My aversion to marijuana is highly personal.

The very smell of it — just like cigarette smoke — makes me nauseous.

I have never tried either.

I can also say I have never tried alcohol if I don’t include an unfortunate incident where someone became a former friend when I was 30 and put vodka in a Pepsi she gave me.

She didn’t appreciate my reaction, calling me “uptight”.

I replied that she crossed a line and crossed her off my list of “friends.”

Growing up, I was around my share — while not a constant presence nor a large number — of relatives or friends of one of my brothers who, putting it politely, abused substances.

All drunks are not happy drunks.

That brother, thinking he was cool, at one point “held” some marijuana for a friend who was a dealer at my mom’s house.

My sister and I were still in school, he was supposedly an adult.

Long story short, he got caught.

It was back in the 1970s when California law allowed the seizure of property where marijuana was found by authorities to be seized.

The house was my mother’s only asset.

It was a house she worked six, sometimes seven, days a week to keep over our heads after my father died of a heart attack.

That left her with four kids, ages 3 to 17 to raise.

Thanks to a relative that basically offered to loan my mom what was almost her entire life’s savings of $10,000 that my mom paid back every last cent, she was able to hire a lawyer and not rely on a public defender.

My brother avoided jail. My mother’s house was not seized.

I bring this up to re-enforce my “credentials” as someone who has no use for marijuana.

That said, I also have other values.

One of them is embracing the concept of free will, conditioned with the caveat that there are responsibilities that come with it and that it must be exercised in a manner that our interactions are deeply rooted in a respect for others in order for us to be part of a civilized civilization.

In a nutshell, as written in a book that has weathered the ages, “Don’t be concerned for your own good but for the good of others.”

As such, I am not one to judge what someone else needs to do to either address pain and what  “vices” — or more aptly things they do that I wouldn’t do — they have as long as the laws of society that are crucial to make civilization work are followed.
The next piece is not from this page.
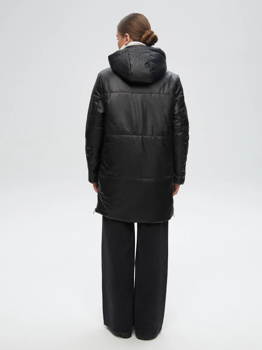 Непромокаемый пуховик средней длины черного цвета, с большим пристегивающимся капюшоном на завязках. Отлично подойдет для дождливой погоды.
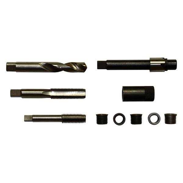 Kit designed to repair aluminum oil pans with damaged drain plug threads size M12x1.75 commonly found in GM Ford and Mazda. Effective in repairing stripped drain plugs without leakage. The inserts included allow for the original drain plug to be used instead of aftermarket plug at a different size.

Manteca, in a matter of months, will be joining the 44 percent of California’s 482 cities as of May 2022 that allow legal storefront cannabis sales.

Some say Manteca has taken its sweet time.
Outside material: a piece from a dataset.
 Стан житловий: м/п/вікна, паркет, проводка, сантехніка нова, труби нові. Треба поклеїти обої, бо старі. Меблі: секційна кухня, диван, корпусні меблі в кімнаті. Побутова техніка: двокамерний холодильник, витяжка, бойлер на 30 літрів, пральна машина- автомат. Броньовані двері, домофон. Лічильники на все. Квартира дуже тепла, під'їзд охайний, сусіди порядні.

Others are aghast that they are still proceeding.

Personally, I’m ambivalent.

I can see both sides.

And the points both sides make have merit.

It is why I expect the City of Manteca to leave no stone unturned to make sure they do it right from the start and going forward.
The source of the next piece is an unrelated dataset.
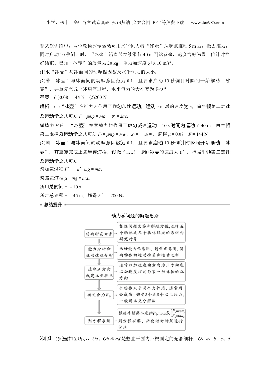 小学、初中、高中各种试卷真题知识归纳文案合同PPT等免费下载www.doc985.com第2课时牛顿第二定律的基本应用目标要求1.掌握动力学两类基本问题的求解方法。2.理解各种动力学图像,并能分析图像特殊点、斜率、截距、面积的物理意义。考点一动力学两类基本问题分析动力学两类基本问题的关键(1)做好两类分析:物体的受力分析和物体的运动过程分析;(2)搭建两个桥梁:加速度是联系运动和力的桥梁;连接点的速度是联系各物理过程的桥梁。例1(2023·广潮州市考东联)连续刹车时,刹车片和刹车盘产生大量热量,温度升高很快,刹车效率迅速降低,容易造成刹车失灵。为了避免刹车失灵造成的危害,高速公路在一些连续下坡路段设置用沙石铺成的紧急避险车道,如图所示。现将某次货车避险过程简化如下:一辆货车在倾角为30°的长直下坡路上以20m/s的速度匀速行驶,突然刹车失灵开始加速,此时货车所受阻力为车重的0.4倍(发动机关闭),加速前进15s后冲上了倾角为53°的避险车道,在避险车道上运动17.5m后停下,将货车的加速、减速过程视为匀变速直线运动,求货车:(sin53°=0.8,g取10m/s2)(1)冲上避险车道时速度的大小;(2)在避险车道上所受摩擦阻力是车重的多少倍。答案(1)35m/s(2)2.7解析(1)根据意,机后加速前的加速度大小题设货车关闭发动进为a1,冲上避道速险车时度的大小为v1,由牛第二定律有顿mgsin30°-0.4mg=ma1由公式有运动学v1=v0+a1t立代入据解得联数v1=35m/s(2)根据意,在避道上的加速度大小题设货车险车运动时为a2,在避道上所受摩擦阻力险车为Ff,由牛第二定律有顿mgsin53°+Ff=ma2由公式有运动学v12=2a2x,解得Ff=2.7mg即在避道上所受摩擦阻力是重的险车车2.7倍。例2(2023·山西太原市一模)2022北京冬残奥会开幕式倒计时是以轮椅冰壶的形式出现的。小学、初中、高中各种试卷真题知识归纳文案合同PPT等免费下载www.doc985.com若某次训练中,两位轮椅冰壶运动员用水平恒力将“冰壶”从起点推动5m后,撤去推力,同时启动10秒倒计时,“冰壶”沿直线继续滑行40m到达营垒,速度恰好为零,倒计时恰好结束。已知“冰壶”的质量为20kg,重力加速度g取10m/s2。(1)求“冰壶”与冰面间的动摩擦因数及水平恒力的大小;(2)若“冰壶”与冰面间的动摩擦因数为0.1,且要求启动10秒倒计时瞬间开始推动“冰壶”,并重复完成上述启停过程,水平恒力的大小变为多少?答案(1)0.08144N(2)200N解析(1)“冰壶”在推力F作用下做加速,匀运动运动5m后的速度为v,由牛第二定律顿及公式可知运动学F-μmg=ma1,v2=2a1x1撤掉力F后,“冰壶”在摩擦力的作用下做速,匀减运动10s了时间内运动40m,由牛顿第二定律及公式可知运动学Ff=μmg=ma2,x2=,a2=,解得μ=0.08,F=144N(2)若“冰壶”冰面的摩擦因与间动数为0.1,且要求启动10秒倒瞬始推计时间开动“冰壶”,重完成上述停程,撤掉力那一瞬冰的速度并复启过设间壶为v′,根据牛第二定律顿及公式可知运动学加速程匀过F′-μ′mg=ma3速程匀减过μ′mg=ma4所用+=总时间10s所走路程+=总45m,解得F′=200N。动力学问题的解题思路例3(多选)如图所示,Oa、Ob和ad是竖直平面内三根固定的光滑细杆,O、a、b、c、d小学、初中、高中各种试卷真题知识归纳文案合同PPT等免费下载www.doc985.com位于同一圆周上,c为圆周的最高点,a为最低点,O′为圆心。每根杆上都套着一个小滑环(未画出),两个滑环从O点无初速度释放,一个滑环从d点无初速度释放,用t1、t2、t3分别表示滑环沿Oa、Ob、da到达a或b所用的时间。下列关系正确的是()A.t1=t2B.t2>t3C.t1<t2D.t1=t3答案BCD解析想有一根光滑固定杆设还细ca,则ca、Oa、da三杆交于的最低点细圆a,三杆点顶均在周上,杆直方向的角圆设与竖夹为θ,有则2R·cosθ=g·cosθ·t2得t=2,可知从c、O、d无初速度放的小滑到释环达a点的相等,即时间tca=t1=t3;而由c→a由与O→b滑的小动滑相比,滑行位移大小相等,初速度均零,但加速度环较为aca>aOb,由x=at2可知,t2>tca,即t2>t1=t3,故B、C、D正确。拓展若沿cb放一光滑杆,小滑个细环从c放,处释运动时间为t4,t4和t1系如何?关答案t4=t1等时圆模...

Each pause the city has imposed during the process of moving toward legal marijuana sales when they learn of another potential pitfall so they can steer clear of replicating similar problems in Manteca underscores their commitment to doing it right.

I have no illusions.

Legal marijuana is big business even if it is dwarfed by the black market.

And just like the voters decision in 1985 to legalize state-run lotteries, I do not believe for a second that it will be a panacea for the city’s financial needs.

It will help, just like the lottery helped schools somewhat, but that’s it.

Based on the clientele in the Modesto cannabis stores, you will likely not see what might be called “riff-raff” patronizing the three Manteca locations that will open.

They will be surprisingly older than you think, middle class for the most part, and even well groomed.

They are also law-abiding people based on how they are obtaining marijuana.

In a way, they are basically shopping at BevMo as opposed to driving down an isolated country road to buy from a moonshiner.

Yes, the prices are higher at BevMo et al than the black market, but what is on the shelf is highly regulated and passes rigid quality tests.

That is no different than California marijuana dispensaries.

Those who partake of cannabis from a highly regulated storefront have an extremely high certainty of personal safety when purchasing marijuana and an equally high confidence it isn’t laced with pesticides and similar toxic items.

It is what those that go to a legal cannabis dispensary in Manteca should and will expect.